Enjoyment and the Death Drive

Joan Copjec (2000) once said of the Freudian Trieb or drive, “of all Freud’s notions, that of the drive has had the least success in attracting supporters; it obliges a kind of rethinking that only the boldest of thinkers would dare to undertake” (p. 279). In his most recent book, Todd McGowan has taken up this challenge with a provocative Lacanian reading of the death drive. His title lays out his message in stark terms: “Enjoying what we don’t have” stakes out a relationship of enjoyment to loss, or to that which we might rather reject, forsake, banish, or foist onto an other.

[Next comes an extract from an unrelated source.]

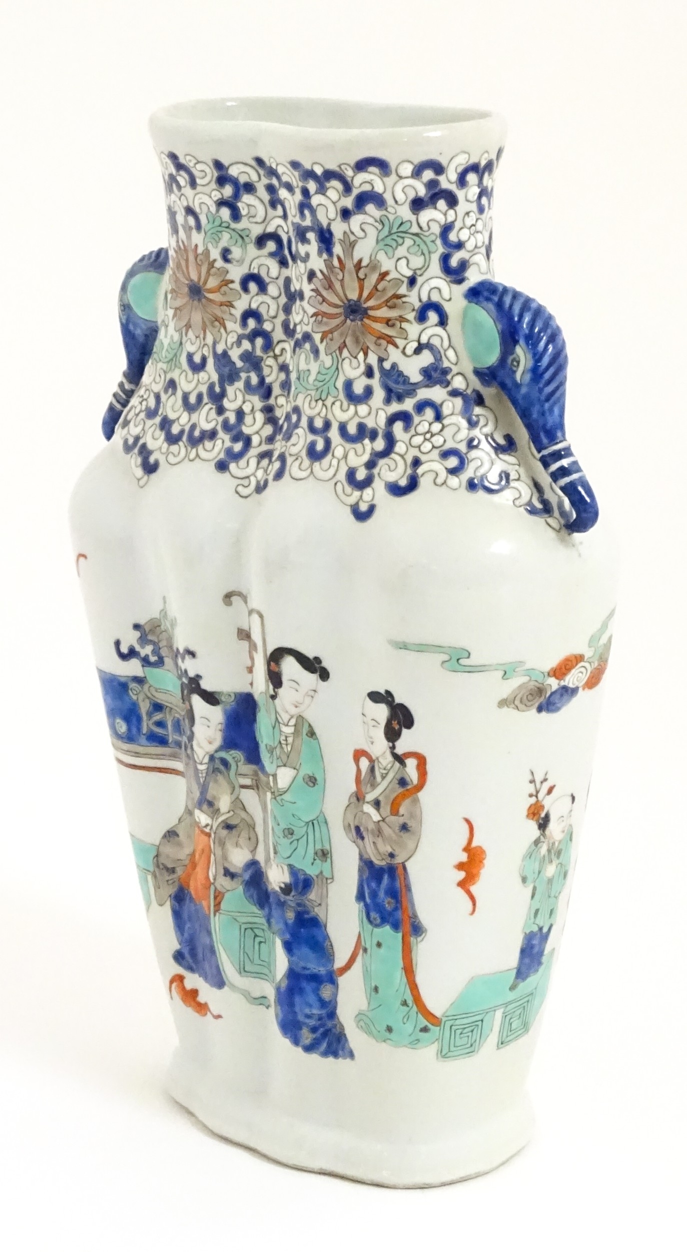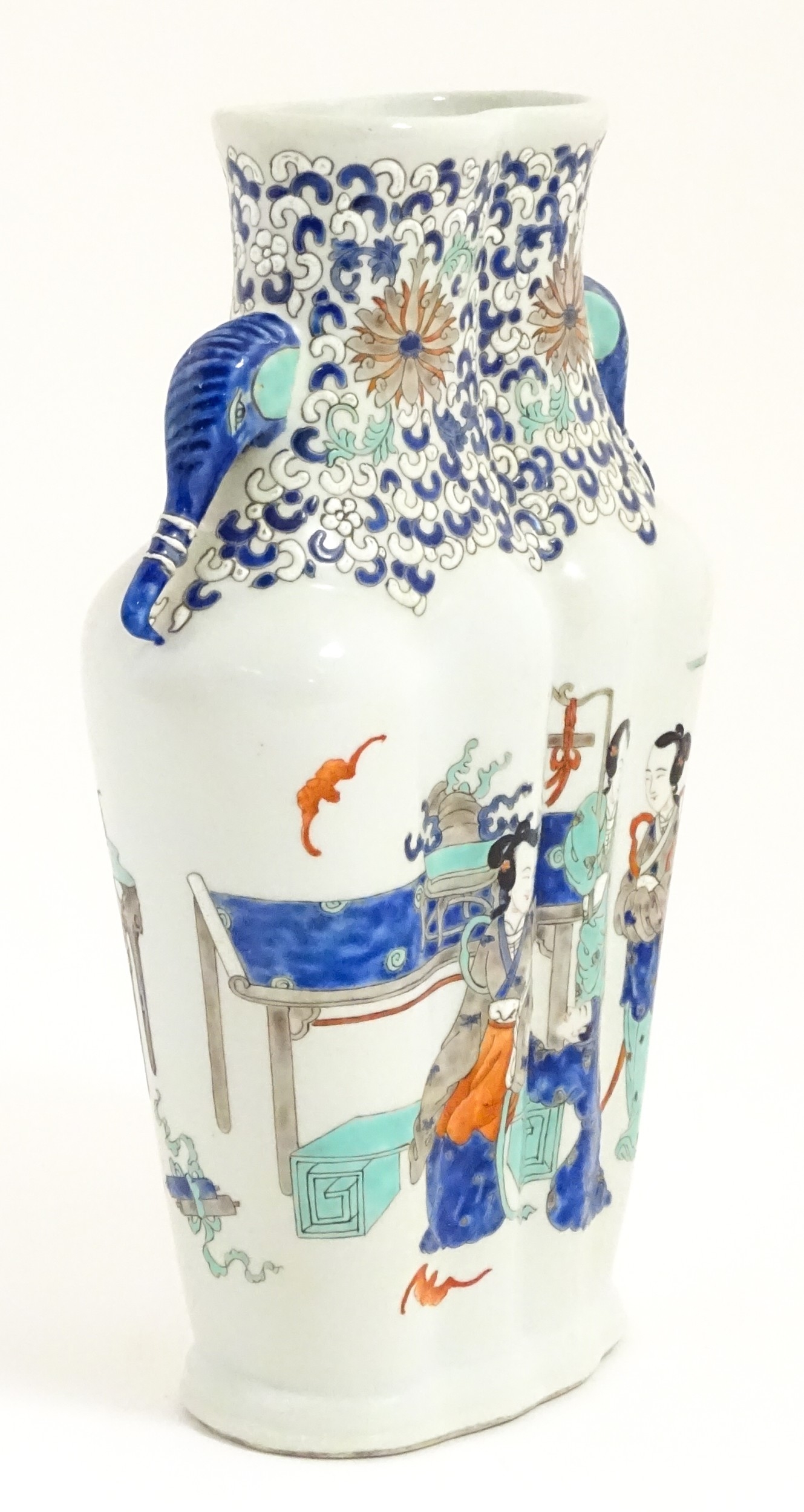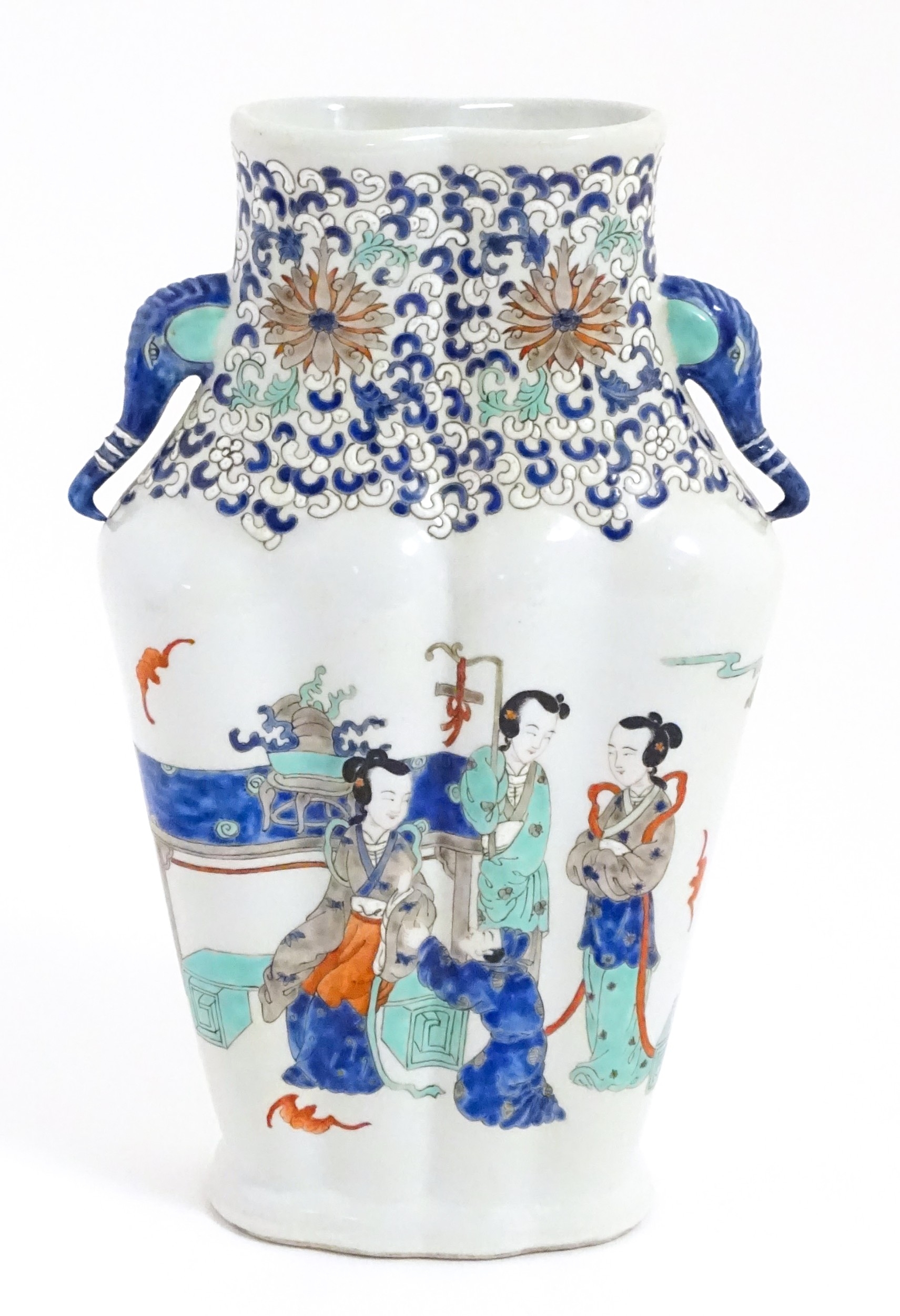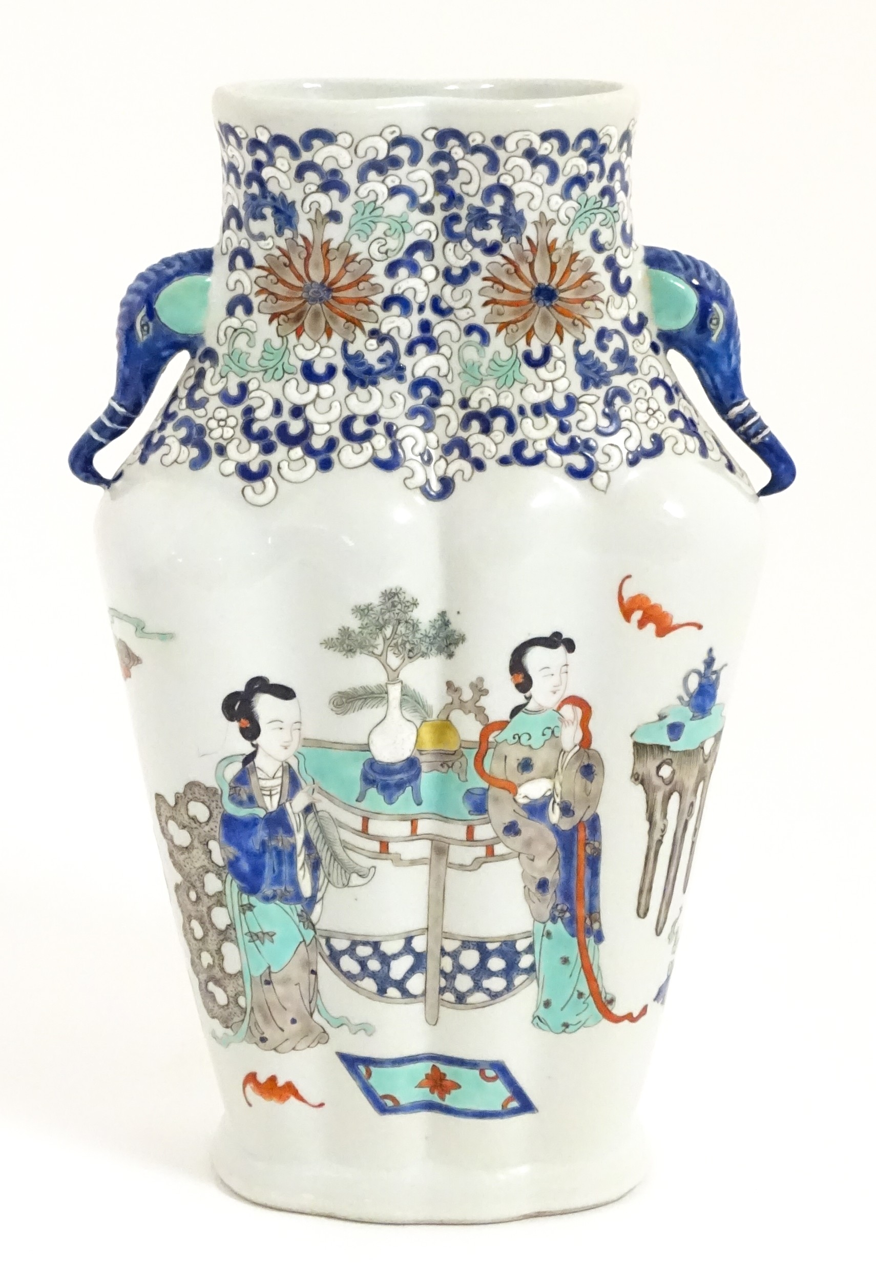 A Chinese famille rose vase with twin elephant mask handles decorated with figures. Character marks under. Approx. 9 3/4" high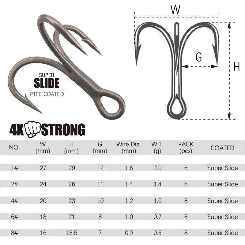 3X Triple Hook Anti-Rust, 4X Triple Hook Anti-Rust, 3X Triple Hook Super Slide, 4X Triple Hook Super Slide |

Furthermore, as the subtitle, “The political project of psychoanalysis,” indicates, McGowan attempts to subjectivize the death drive and his book illuminates what this subject, a subject of drive, would entail for politics.

In Seminar VII: The Ethics of Psychoanalysis (1959–1960) Jacques Lacan insists that psychoanalysis is not about “prescriptions for or the regulation of what I have called the service of goods” (1986/1992, p. 385). In other words, unlike other forms of therapy, psychoanalysis is not in the business of providing a missing satisfaction. Building upon this point, McGowan notes that in the twenty-five years between Freud’s 1895 “Project for a Scientific Psychology” and his 1920 Beyond the Pleasure Principle, an important difference emerged in Freud’s theory of satisfaction: in the “Project for a Scientific Psychology,” satisfaction is obtained through a discharge of excitation, while in Beyond the Pleasure Principle, with the discovery of the death drive, satisfaction is achieved via repetition and return to an original loss (McGowan, 2013, p. 28). This baseline—that we find enjoyment, as distinct from pleasure, in the death drive—underscores McGowan’s entire argument. [End Page 89]

According to McGowan, analysands enter analysis not because they are experiencing dissatisfaction per se, but because they are dissatisfied with their satisfaction, or their satisfaction requires too much psychic effort, “tak[ing] a path that is too circuitous for the satisfaction they obtain” (p. 54). The cure, McGowan suggests, consists in freeing “the subject to find satisfaction through the subject’s symptomatic disruption rather than continuing to view the disruption as the obstacle to the ultimate satisfaction that the subject is constantly missing” (p. 57). McGowan’s counter-intuitive point is that satisfaction resides in the obstacle. In fact, the obstacle, or symptom, is ontological; it is the deadlock or antagonism that gives birth to subjectivity. Seeking to rid oneself of it is impossible because it is the very condition of the emergence of the subject. For McGowan, rather than seeing “the disruptiveness of the symptom as the barrier to a truly satisfying life, the subject must come to grasp this disruptiveness as the source of the subject’s satisfaction…The subject’s failure is its form of success” (p. 56)—failure understood as the various manifestations of loss. The goal of analysis is not to rid the analysand of this disruptiveness (loss) but to change the subject’s relation to it: “The aim of the psychoanalyst—the analyst’s desire—must be to remove the detours that the analysand has placed along the path of the drive in order to allow the analysand to take up completely her or his position in the drive” (p. 55).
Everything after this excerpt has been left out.